Position von Elisabeth Winkelmeier-Becker: Neutral
Praktikabilität und Wirkung der Mietpreisbremse sollten evaluiert werden. Dabei muss auch analysiert werden, ob die Länder und Kommunen die Zeit wie gesetzlich vorgesehen für gezielte Verbesserungen des Wohnungsmarktes genutzt haben.
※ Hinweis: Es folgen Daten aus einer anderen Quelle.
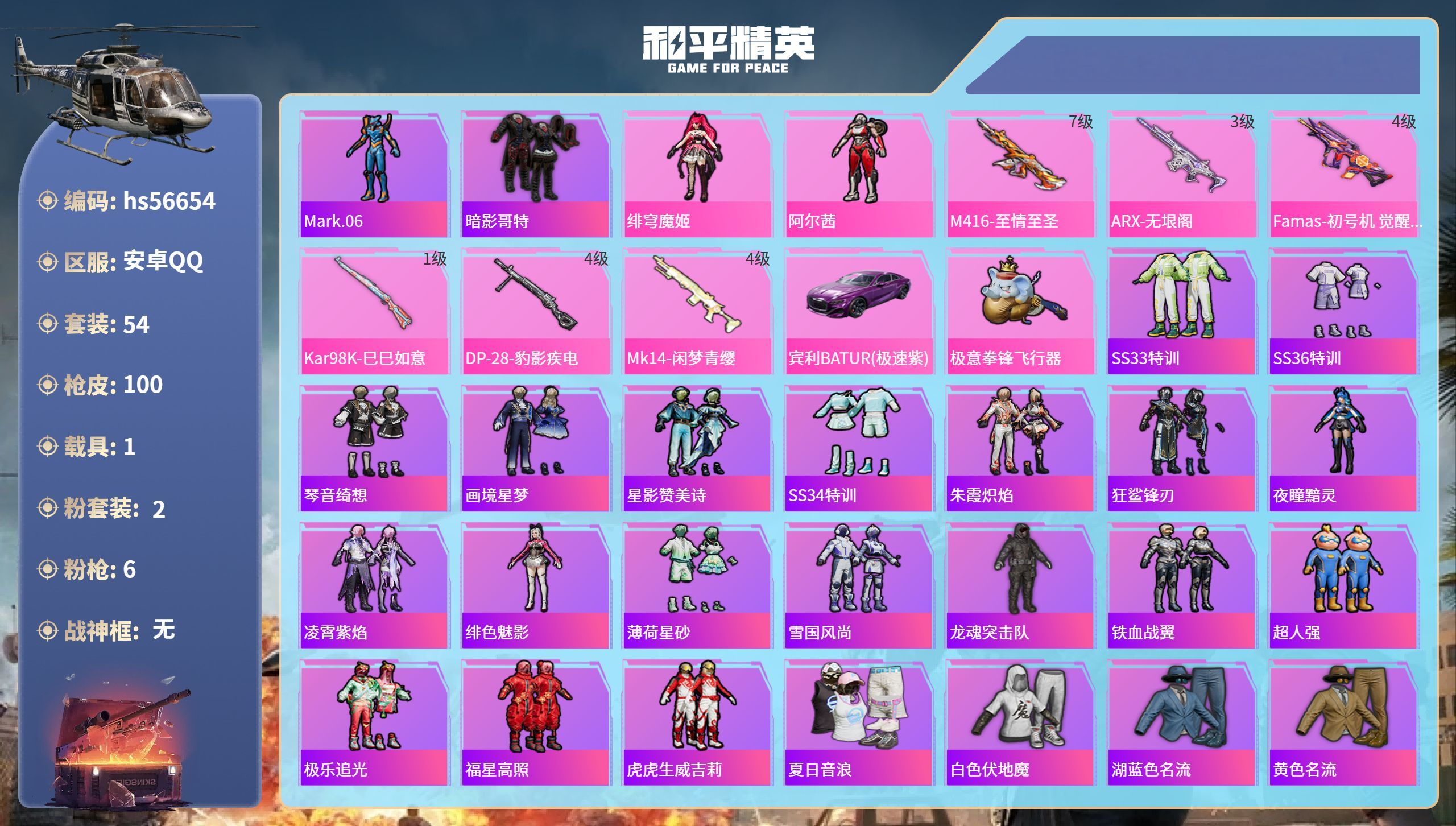 hs56654 安卓手Q-1王牌印记-2粉装-6特效枪-1载具-29064热力值-54套装-100枪

Mehr Wohnungen sind der beste Schutz vor zu hohen Mietforderungen.
Es muss ein verbindliches Lobbyregister geben, in dem u.a. Kontakte zwischen Interessenvertretern und Politikern veröffentlicht werden.
Position von Elisabeth Winkelmeier-Becker: Lehne ab
Hier verweise ich auf meine Antwort an Herrn Till Seyer vom 22. April 2017 in diesem Forum (https://www.abgeordnetenwatch.de/profile/elisabeth-winkelmeier-becker/question/2017-04-22/276701).
Ein vollständiges Verbot von Gentechnik in der Landwirtschaft darf es nicht geben.
Position von Elisabeth Winkelmeier-Becker: Stimme zu
Die Deutschen lehnen grüne Gentechnik mehrheitlich ab. Dem wollen wir mit der Umsetzung des nationalen Anbauverbotes Rechnung tragen. Forschungsanbau muss möglich bleiben. Wir brauchen mit Blick auf die weltweite Nutzung der Gentechnik Kompetenzen für eine eigene Bewertung von Chancen und Risiken.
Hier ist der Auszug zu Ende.